Фантасты умеют предвидеть качественные скачки – в этом их сила по сравнению с сугубо научным подходом к предсказанию будущего. В этом была, кстати, и ваша сила, пан Станислав. Сила, от которой сейчас вы отказываетесь единственно по той причине, что сила эта оказалась, на ваш взгляд, слишком велика!
«Я дописался в ней даже до „чистого выращивания информации“, – утверждаете вы в „Диалогах“, – то есть такого выращивания, которое в жизни не имело никакого практического применения, но приносило нам в качестве плодов научные теории».

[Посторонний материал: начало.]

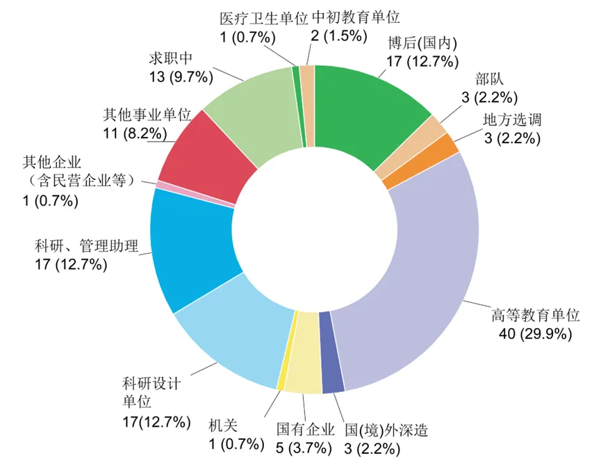 2025届博士毕业生国内博后入站本校6人,入站北京大学、清华大学等其他11所院校各1人;3人出国(境)前往新加坡国立大学、千叶大学、密歇根大学安娜堡分校进行深造。
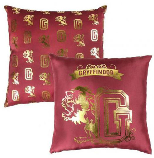 Červeno-zlatý polštář s grafikou Gryffindor.
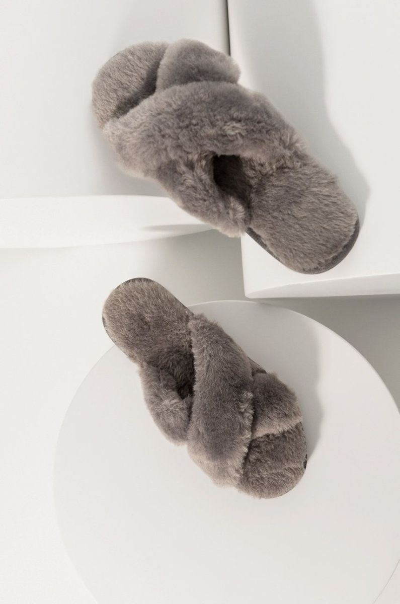 Тапочки із колекції Answear Lab. Модель виготовена з імітації хутра.
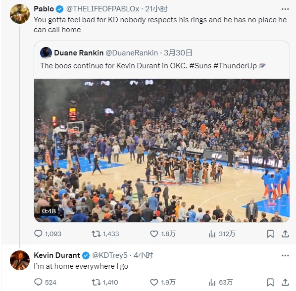 杜兰特则回复:我去哪里哪里就是家(I’m at home everywhere I go)。
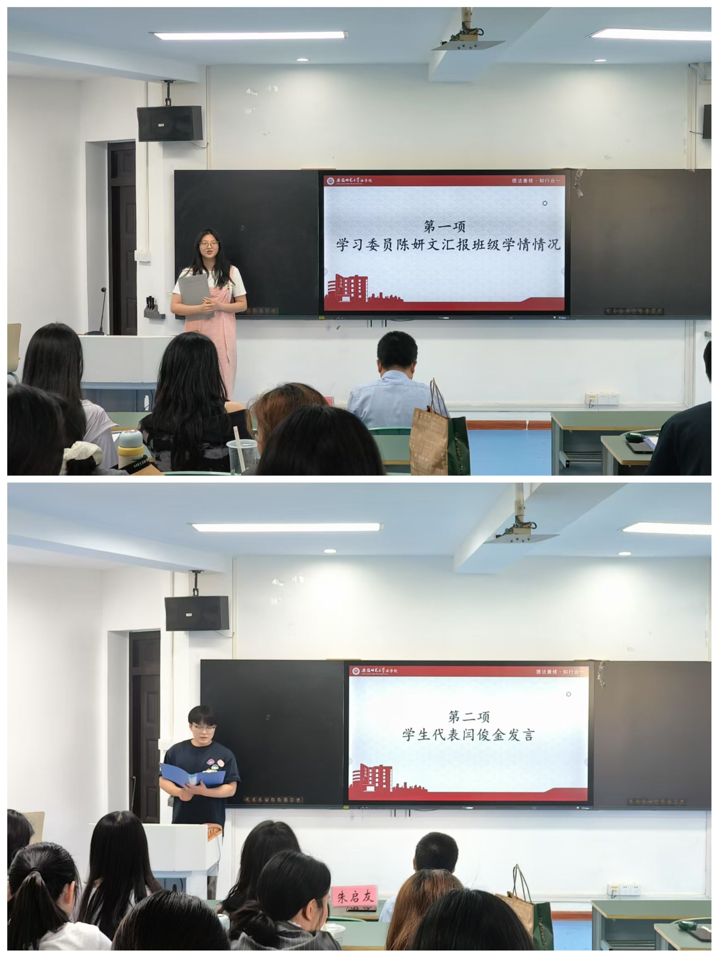会议伊始,张宏玮对老师的到来表示热烈欢迎,并简要介绍了会议议程。首先,学习委员陈妍文详细汇报了班级学情情况。她以“团结”“积累”“前行”三个关键词对班级的大学历程进行总结。随后,员工代表闫俊金发言,他提出了当前同学们面临的几个主要问题,包括考研与实习时间冲突、专业跨考等。
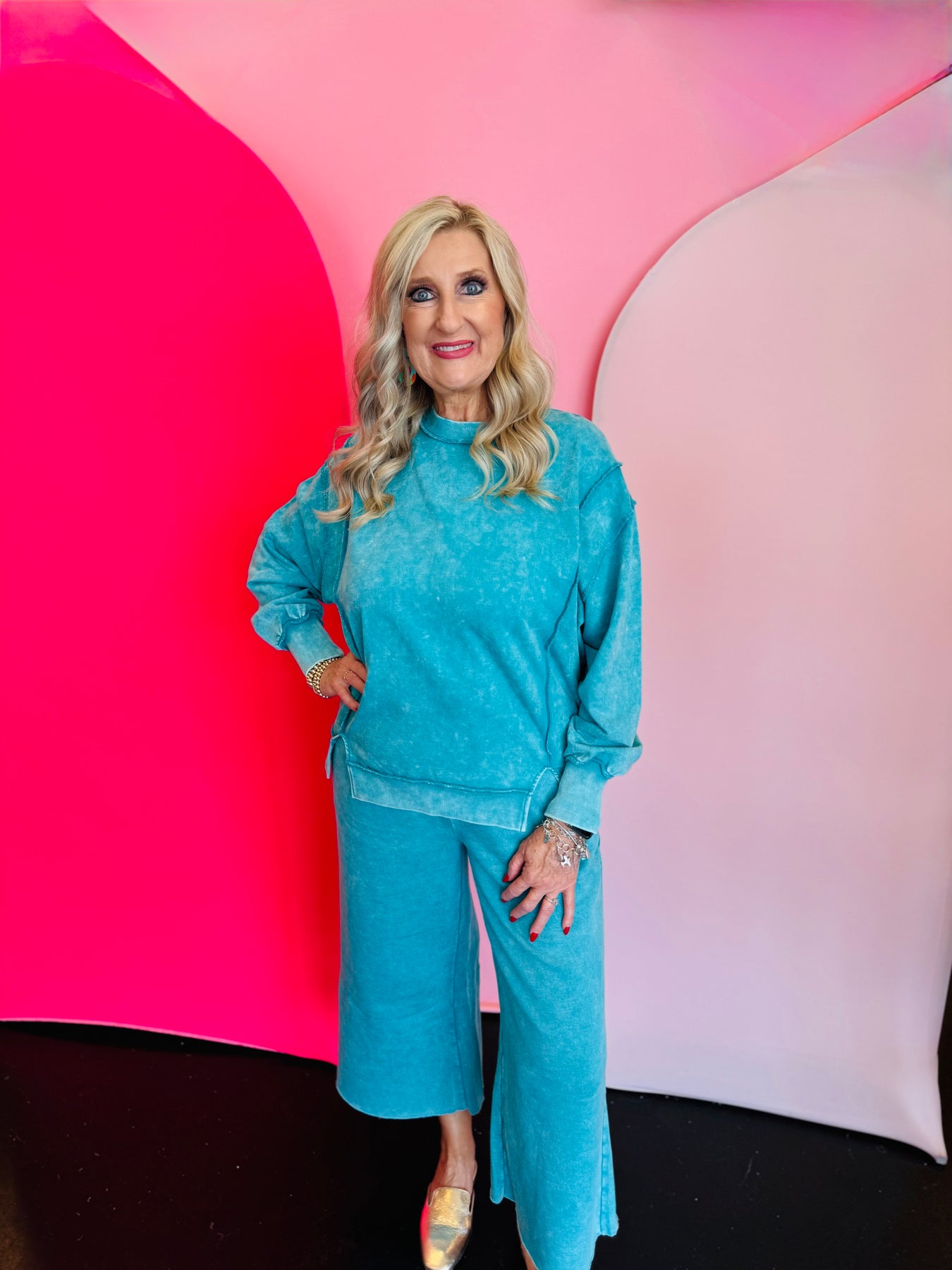 Elevate your casual wardrobe with our Lt Teal Acid Wash Fleece Sweatshirt, offering comfort with an edgy twist. Crafted entirely from soft, breathable 100% cotton French terry, this sweatshirt features a vintage-inspired acid wash paired with trendy exposed seams, creating a lived-in, effortless look. A stylish hi-low hem and a back patch detail add modern structure and texture, making this top perfect for layering over leggings or pairing with your favorite denim. The trim, made from 97% cotton and 3% spandex, ensures subtle stretch and shape retention. With an approximate body length of 26.5” (front) and chest of 48” (measured from S/M), it delivers all-day comfort and on-trend appeal.

Иными словами – вы писали о КАЧЕСТВЕННОМ СКАЧКЕ в развитии теории информации, о том, чего еще вообще не было в науке и чего футурологи предвидеть не могли по причине отсутствия соответствующей тенденции. Тогда же и о том же писал в научно-фантастическом очерке «Машина открытий» советский фантаст Генрих Альтов.
Речь шла о саморазвитии информационных систем, о способности компьютеров «выращивать новую информацию», а не только видоизменять уже имевшуюся. Речь шла о способности вычислительных машин выдавать принципиально новые научные идеи. Футурология этого предвидеть не могла, фантасты же предположили, что в будущем компьютеры смогут проводить научно-исследовательские работы и совершать научные открытия, то есть производить действия, которые современная футурология считает ПРИНЦИПИАЛЬНО непредсказуемыми.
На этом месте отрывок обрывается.